◆ WHAT YOU NEED TO DO
Your copy should match the listing below exactly, except that it holds no images.
____ RECORDS FOR PROCESSING
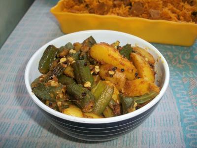 भेंडी बटाटा साधी, सिंपल मात्र जिभेला आवडेल अशी रेसिपी आहे. कांदा परतून घ्यायचा, बटाटे परतायचे भेंडी परतायची आणि अगदी मोजके मसाले घालून छान वाफवायची. ऑफीसला जाणाऱ्यांच्या डब्यासाठी अगदी मस्त रेसिपी आहे.
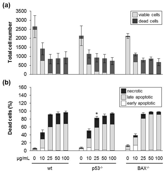 Silica NPs induce cell death independent of p53 and BAX. HCT116 wild-type (wt), p53 knock-out (−/−) and BAX knock-out (−/−) cells were incubated with SiO2—12 nm NPs as indicated in the absence of FBS. After 24 h, the cells were processed and analyzed as described in Figure 2. (a) The total cell number divided into living and dead cells. (b) The percentage of dead cells relative to the total cell number divided into the different classes of cell death as indicated. Data show mean values of five–six independent experiments with wt and p53−/− cells. For BAX−/− cells, one representative experiment out of two is shown. All experiments were carried out with three–four replicates. The error bars are SD values related to the total cell number (a) or the percentage of total dead cells (b), respectively. Note that there was no major difference in the response of p53−/− or BAX−/− compared to wild-type cells. * p < 0.05.
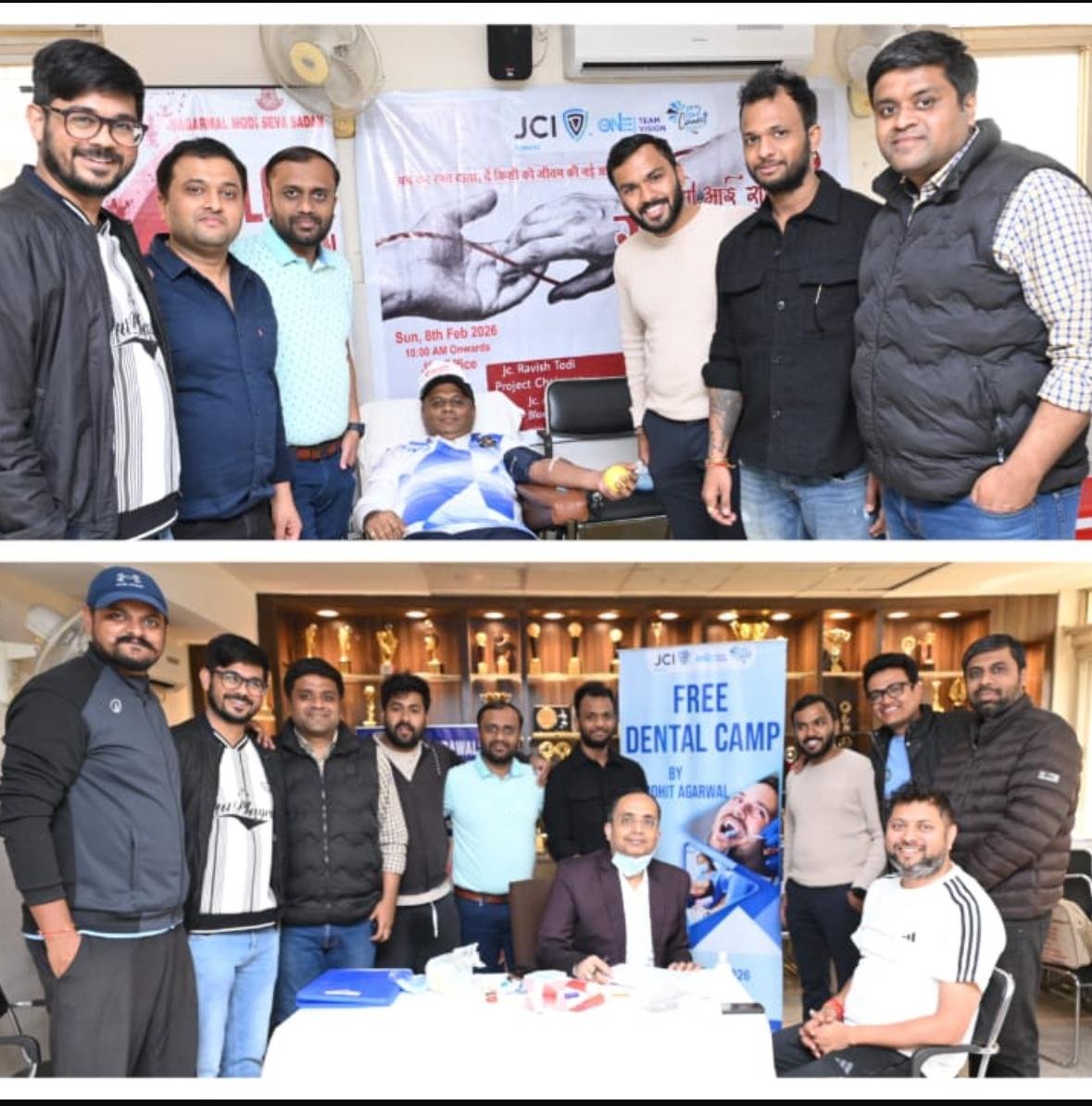 रांची । जेसीआई रांची ने 8 फरवरी 2026 को सेवा की मिसाल पेश करते हुए एक नि:शुल्क दंत चिकित्सा शिविर और एक विशाल रक्तदान शिविर का सफल आयोजन किया। जेसीआई कार्यालय में आयोजित इन कार्यक्रमों का उद्देश्य स्वास्थ्य जागरूकता फैलाना और जीवन बचाने की दिशा में योगदान देना था।रक्तदान शिविर: ह्यबन कर रक्त दाता, दें किसी को जीवन की नई आशाह्ण इसमें कुल 42 सदस्यों ने पंजीकरण करवाया। कार्यक्रम को सफल बनाने मैं नागरमल मोदी सेवा सदन ब्लड बैंक रांची का योगदान मिला ।
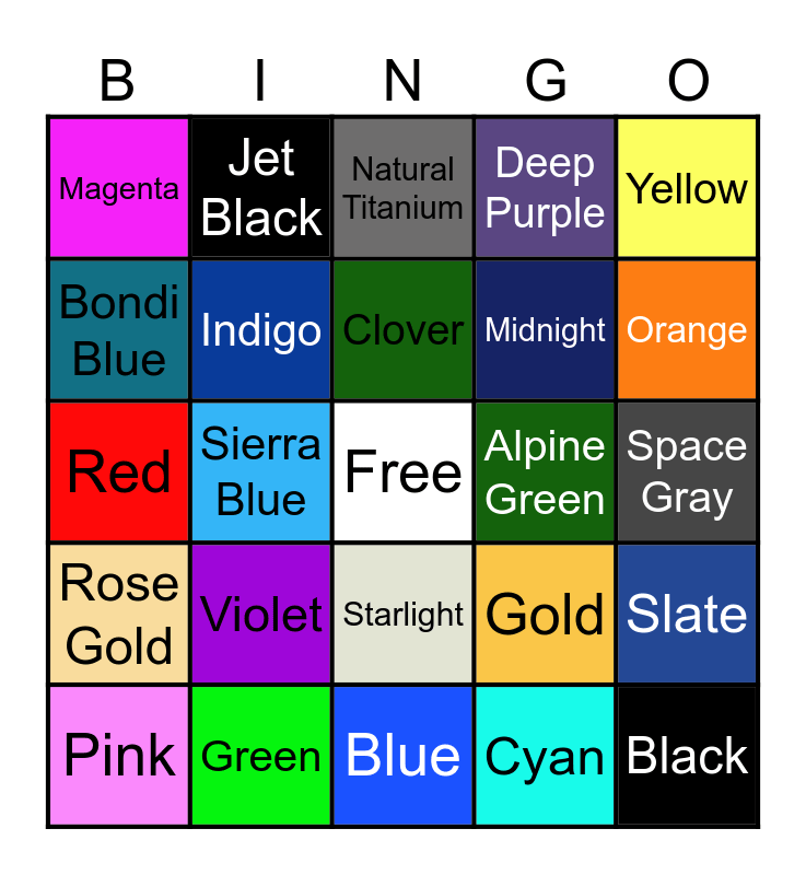 This bingo card has a free space and 24 words: Violet, Green, Clover, Pink, Yellow, Magenta, Bondi Blue, Jet Black, Alpine Green, Starlight, Midnight, Red, Gold, Slate, Indigo, Cyan, Space Gray, Natural Titanium, Orange, Sierra Blue, Black, Rose Gold, Deep Purple and Blue.
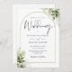 Esta elegante vegetação botânica deixa um convite para casamento em arco dourado pode ser personalizado com suas informações em tipografia quic com seus detalhes do site de casamento e seu código QR no verso. Projetado por Thisnotme©
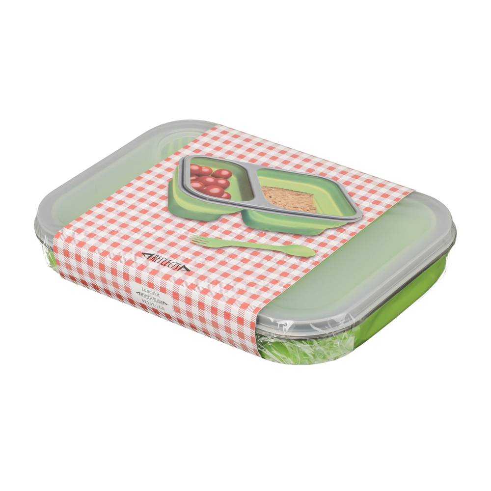 Abwechslungsreiche Pausensnacks haben in diesem faltbaren Doppelfachbehälter aus Silikon genügend Platz. Inklusive Löffel und Gabel in Besteckhalterung. Mikrowellengeeignet.
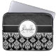 Chic Black Glitter White Damask Monogram Name Laptop Sleeve
________
◆ ANSWER TO THE PROBLEM
 भेंडी बटाटा साधी, सिंपल मात्र जिभेला आवडेल अशी रेसिपी आहे. कांदा परतून घ्यायचा, बटाटे परतायचे भेंडी परतायची आणि अगदी मोजके मसाले घालून छान वाफवायची. ऑफीसला जाणाऱ्यांच्या डब्यासाठी अगदी मस्त रेसिपी आहे.
 Silica NPs induce cell death independent of p53 and BAX. HCT116 wild-type (wt), p53 knock-out (−/−) and BAX knock-out (−/−) cells were incubated with SiO2—12 nm NPs as indicated in the absence of FBS. After 24 h, the cells were processed and analyzed as described in Figure 2. (a) The total cell number divided into living and dead cells. (b) The percentage of dead cells relative to the total cell number divided into the different classes of cell death as indicated. Data show mean values of five–six independent experiments with wt and p53−/− cells. For BAX−/− cells, one representative experiment out of two is shown. All experiments were carried out with three–four replicates. The error bars are SD values related to the total cell number (a) or the percentage of total dead cells (b), respectively. Note that there was no major difference in the response of p53−/− or BAX−/− compared to wild-type cells. * p < 0.05.
 रांची । जेसीआई रांची ने 8 फरवरी 2026 को सेवा की मिसाल पेश करते हुए एक नि:शुल्क दंत चिकित्सा शिविर और एक विशाल रक्तदान शिविर का सफल आयोजन किया। जेसीआई कार्यालय में आयोजित इन कार्यक्रमों का उद्देश्य स्वास्थ्य जागरूकता फैलाना और जीवन बचाने की दिशा में योगदान देना था।रक्तदान शिविर: ह्यबन कर रक्त दाता, दें किसी को जीवन की नई आशाह्ण इसमें कुल 42 सदस्यों ने पंजीकरण करवाया। कार्यक्रम को सफल बनाने मैं नागरमल मोदी सेवा सदन ब्लड बैंक रांची का योगदान मिला ।
 This bingo card has a free space and 24 words: Violet, Green, Clover, Pink, Yellow, Magenta, Bondi Blue, Jet Black, Alpine Green, Starlight, Midnight, Red, Gold, Slate, Indigo, Cyan, Space Gray, Natural Titanium, Orange, Sierra Blue, Black, Rose Gold, Deep Purple and Blue.
 Esta elegante vegetação botânica deixa um convite para casamento em arco dourado pode ser personalizado com suas informações em tipografia quic com seus detalhes do site de casamento e seu código QR no verso. Projetado por Thisnotme©
 Abwechslungsreiche Pausensnacks haben in diesem faltbaren Doppelfachbehälter aus Silikon genügend Platz. Inklusive Löffel und Gabel in Besteckhalterung. Mikrowellengeeignet.
 Chic Black Glitter White Damask Monogram Name Laptop Sleeve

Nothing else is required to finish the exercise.